Une chambre d’hôtel est un endroit où l’on va quand on fait quelque chose d’autre. En elle-même, elle n’est d’aucune conséquence sur le sujet principal. Une chambre d’hôtel est commode. Mais ce qu’elle a de commode est limité au temps dont on a besoin d’elle, pendant qu’on est dans cette ville particulière; on l’espère confortable mais on la préfère plutôt anonyme.
Après tout, ce n’est pas là qu’on vit.
Quand on n’a plus besoin d’elle, on paie pour l’avoir utilisée; on dit « merci, monsieur », et quand ce qu’on avait à faire dans cette ville est terminée, on quitte la chambre.
Est-ce qu’on regrette de quitter une chambre d’hôtel ? Est-ce qu’on souhaite y rester quand on a une maison, une vraie maison quelque part ? Est-ce qu’on se retourne avec affection, ou même dégoût, vers une chambre d’hôtel quand on la quitte ? On peut aimer ou mépriser ce qu’on a vécu dans cette chambre.
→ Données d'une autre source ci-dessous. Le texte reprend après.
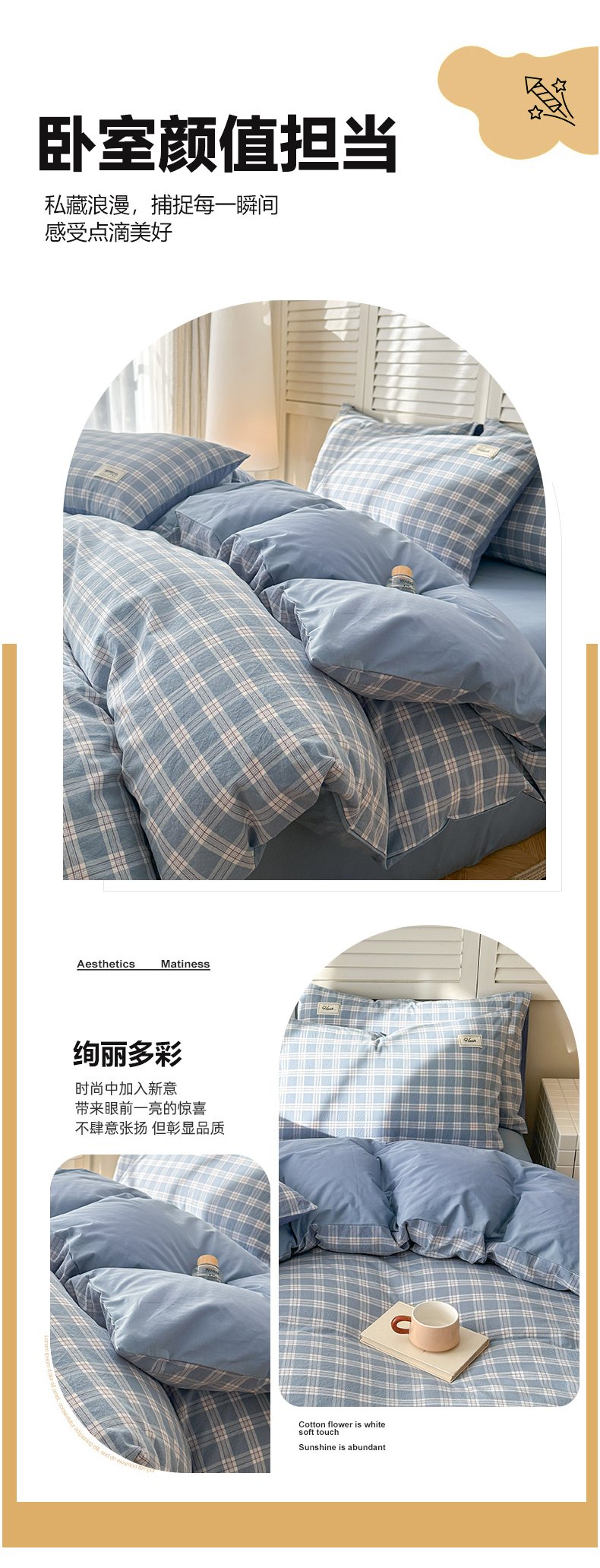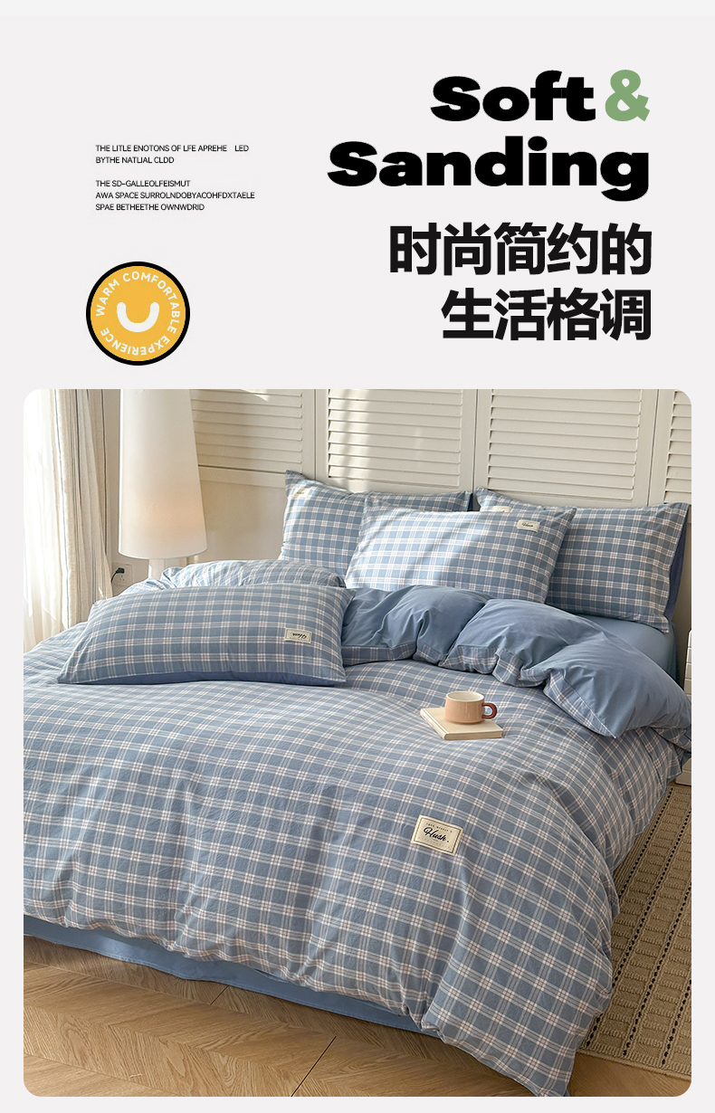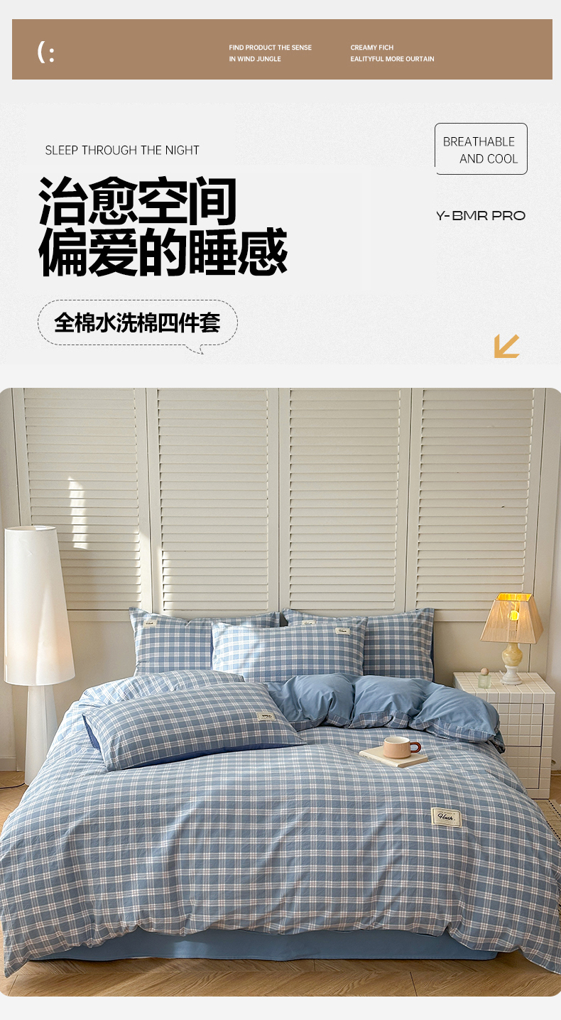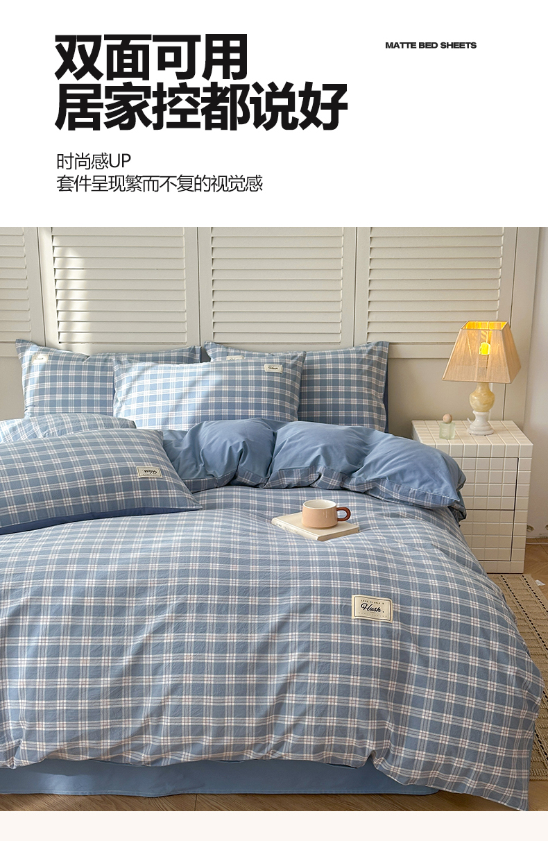 当前位置: 91家纺网 > 商品网购 > 床品套件 > 四件套 > 全棉普通四件套 > 木子家纺 2026春夏新款色织全棉纯棉四件套 麦田-蓝

Mais la chambre elle-même ? On en garde pourtant un souvenir. On, oh non, pas pour se souvenir de la chambre. Pour se souvenir plutôt du moment et du lieu, de ce qu’on a fait, de son aventure.
Que peut-on éprouver pour une chambre d’hôtel ?
On n’éprouve rien de plus pour une chambre d’hôtel qu’on ne s’attend à ce qu’une chambre d’hôtel éprouve pour son occupant.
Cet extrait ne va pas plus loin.